Flora Segunda

Cover of Flora Segunda

As I commented on Wizards Wireless, I’m terrible at predicting Newbery and Caldecott winners. First, for as many books as I read, there are countless that slip past me. Second, the books I’ve enjoyed most that past few years haven’t seemed to attract those shiny gold and silver stickers. Third, because I wait to read books until they’ve arrived at the library, I’m always lagging a bit in my reading of new books.

But since the end of the year is galumphing toward me all too fast, I figure I may as well start rounding up some of my personal favorites now. Not books I think are destined to win shiny stickers, necessarily, but ones I got a huge kick out of, just the same. Here’s the first:

Flora Segunda: Being the Magickal Mishaps of a Girl of Spirit, Her Glass-Gazing Sidekick, Two Ominous Butlers (One Blue), A House with Eleven Thousand Rooms, and A Red Dog
By Ysabeau Wilce (Harcourt, 2007)

Though members of House Fyrdraaca always go into the military, Flora, approaching her fourteenth birthday, has no desire to follow in her General mamma’s footsteps. Instead she dreams of being a Ranger like her hero, the mythical Nini Mo, focusing less on fight and might than on magick, cunning, and survival skills. But when Flora uses her magickal essence to help Valefor, the banished Fyrdraaca Butler, regain his former power, she finds herself in trouble way over her head. And that’s only the beginning!

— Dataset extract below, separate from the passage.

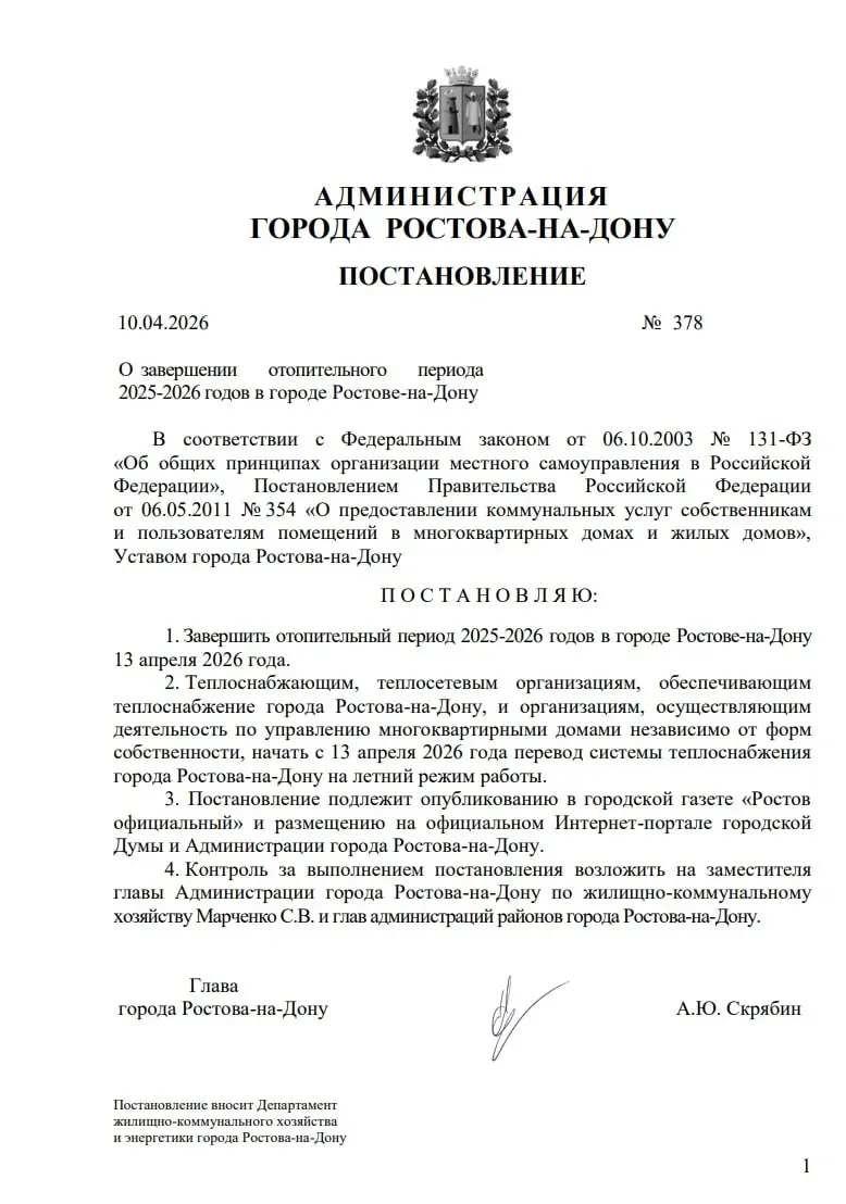 Отопительный сезон в Ростове заканчивается сегодня. Глава города Александр Скрябин подписал постановление. Ресурсные организации и управляющие компании переходят на летний режим работы - начинают подготовку к следующему сезону.

Once I got through the somewhat overwhelming prologue and first chapter (lots of names thrown around), I was utterly enchanted by this unique fantasy: its haunting magical setting, its unexpected twists and turns, its odd combination of the familiar and alien, the modern and ancient. It also had many bits that made me laugh out loud. For example, in one of my favorite scenes, a disguised Flora enters a bar and gruffly demands a beer, only to discover it’s actually an ice cream parlor.

What I liked best, however, was its distinctly American flavor. This is not done-over Arthurian or Scandinavian folklore. The story takes place in a country called Califa, in what seems to be an alternative San Francisco Bay Area. Califa has a rather strained relationship with Huitzil, its neighbor to the south – a nation ruled by, we are to believe, blood-thirsty Aztec-esque warriors. Wilce draws on Aztec and Native imagery in presenting their different style of magick, but doesn’t chain herself to their mythology. In Summerland, Michael Chabon aimed to write an American fantasy, drawing on various American legends, and the result was a ponderous, everything-but-the-kitchen-sink volume. In contrast, in Flora Segunda, Wilce has created a fresh setting, characters, and story that ultimately owe allegiance to, it would seem, no one.

I recommend Flora Segunda for readers grade 6 and up. Fans will eagerly await the second volume, Flora Redux, on its way in August 2008. Finally, in the interest of full disclosure: I met Wilce at the First Annual Kitlitosphere Conference, where she graciously accepted my effusive, yet stuttering, praise.

Some Online Interviews with Ysabeau Wilce:

BookPage - "It's easier sometimes to use real details than to make things up—I know an awful lot about 19th-century military culture, and rather than let all that useless knowledge go to waste, I figured I'd recycle it."

Cynsations - "...I wanted to try to capture the feeling that you have when you are kid and everything seems so super important, and yet the adults around you are oblivious to this. When you are a kid, everything can feel so super-charged, and yet as adults we forget this and figure that nothing in a kid's life can possibly be that important."